Serah Terima Barang Harus
Dilakukan Tepat Waktu
Biasanya dalam sistem
kredit, barang diberikan ke pembeli saat pembayaran uang muka. Hal ini harus
dilakukan tepat waktu, tidak boleh ditunda-tunda. Sebab bagaimanapun juga
pembeli sudah memiliki hak terhadap barang tersebut. Kecuali ada perjanjian dan
kesepakatan tertentu.
Waktu Tempo Pembayaran Harus
Jelas
Dalam sistem kredit yang
terpenting adalah perjanjian dan kesepakatan tentang prosedur transaksi
tersebut. Termasuk waktu tempo pembayaran juga harus jelas.
Apabila Terlambat, Tidak
Boleh Ada Sistem Penambahan Bunga/denda
Dalam bertransaksi sistem
kredit, tidak memberlakukan penambahan bunga dan saat pembelih terlambat
membayar ada dendanya. Ini membuat terjerumus ke dalam riba.
Harga Berlipat Dari
Pembayaran Cash Boleh Asal Tidak Berlebihan
Dalam sistem jual beli
kredit biasanya harga barang yang ditawarkan lebih mahal daripada harga cashnya
(namun jangan sampai berlipat-lipat dari harga barang). Penerapan harga semacam
itu sebenarnya diperbolehkan oleh ulama, asalkan tidak berlebihan. Sebab bagaimanapun
juga pebisnis perlu mendapatkan untung. Selain itu juga mempertimbangkan
beberapa faktor, misalnya saja biaya administrasi, inflasi, dan sebagainya.
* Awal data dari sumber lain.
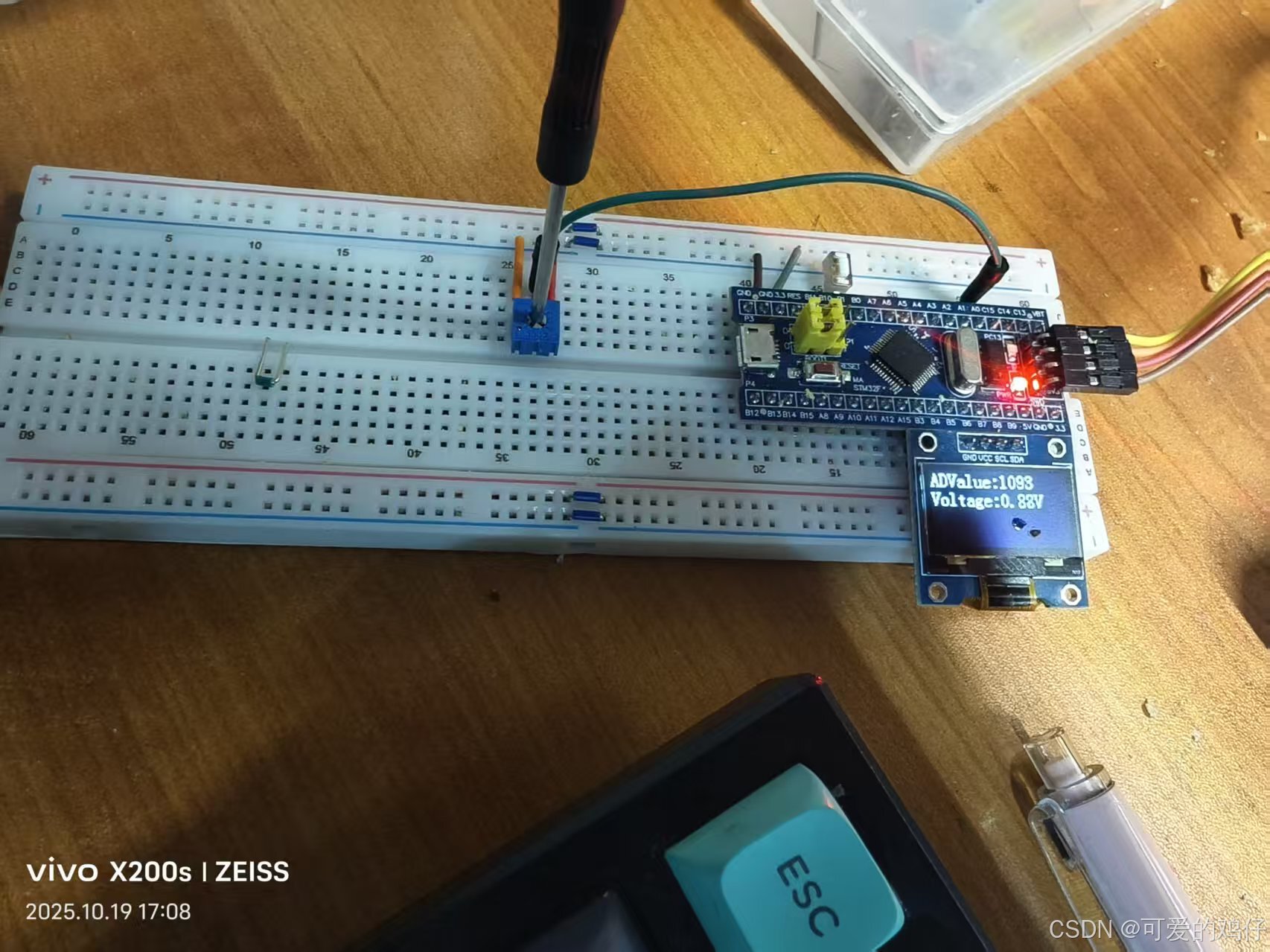 {/*模块初始化*/OLED_Init(); //OLED初始化AD_Init(); //AD初始化/*显示静态字符串*/OLED_ShowString(1, 1, "ADValue:");OLED_ShowString(2, 1, "Voltage:0.00V");while (1){ADValue = AD_GetValue(); //获取AD转换的值Voltage = (float)ADValue / 4095 * 3.3; //将AD值线性变换到0~3.3的范围,表示电压OLED_ShowNum(1, 9, ADValue, 4); //显示AD值OLED_ShowNum(2, 9, Voltage, 1); //显示电压值的整数部分OLED_ShowNum(2, 11, (uint16_t)(Voltage * 100) % 100, 2); //显示电压值的小数部分Delay_ms(100); //延时100ms,手动增加一些转换的间隔时间}
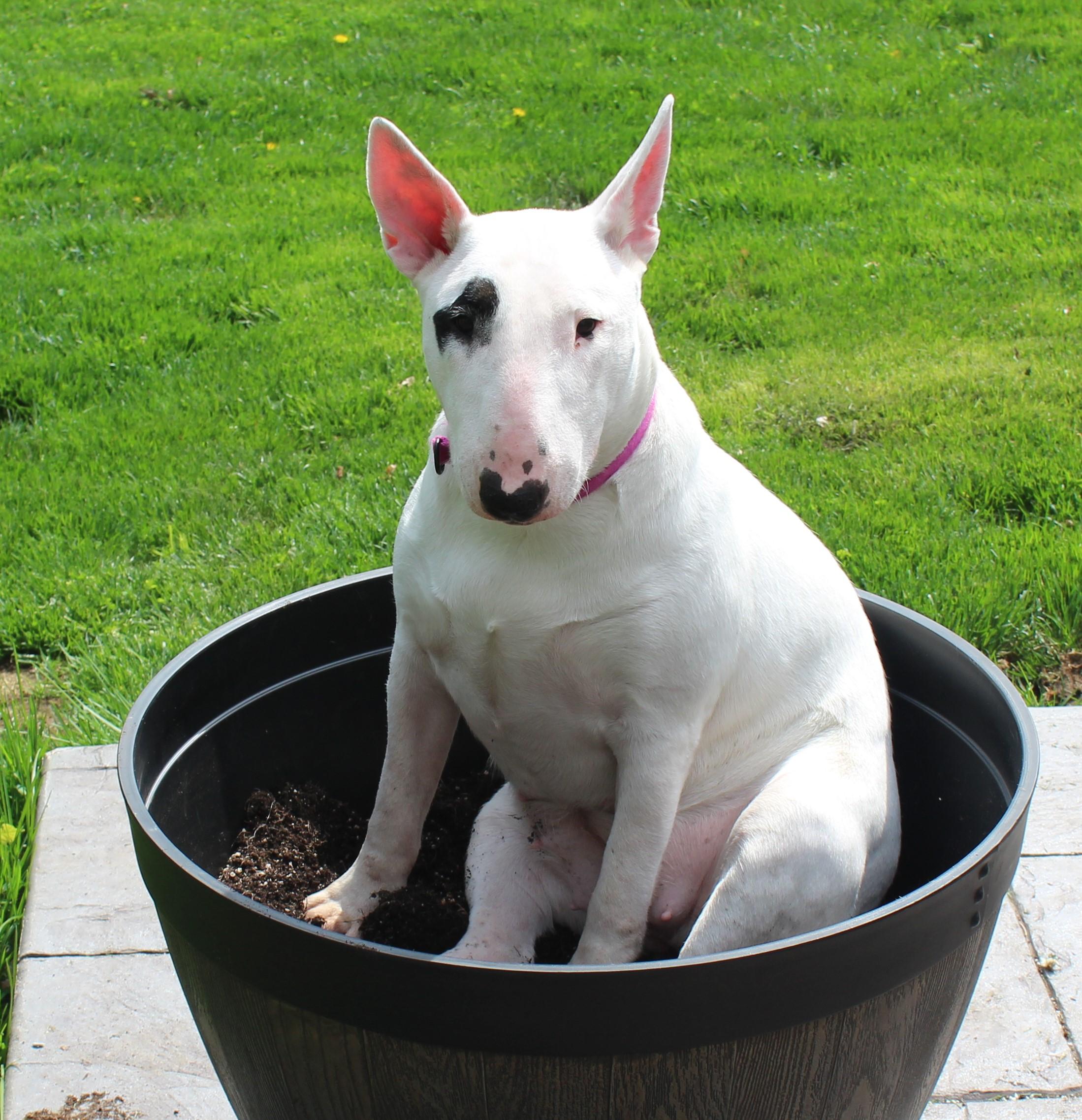 Amy is a female Bull Terrier. Carefully selected as a great representative of her breed, Cleo decided to make her part of their program. Cleo has passed Good Dog’s screening process, which involved a review of their breeding practices, environment, and the mental and physical health of their dogs.

Kesepakatan Dua Belah Pihak
Yang terpenting dari
melakukan transaksi kredit harus ada kesepatakan atau akad jual beli antara
kedua belah pihak, dalam islam antara dua belah pihak disini tidak mengandung
unsur paksaan, baik itu nilai pembayaran ataupun tempo pelunasan keduanya harus
secara jelas dan disetujui oleh penjual dan pembeli.
Inilah penjelasan tentang
hukum kredit dalam islam, jika ada salah dan kurangnya penulis mohon maaf
kepada Allah SWT. penulis mohon anpun.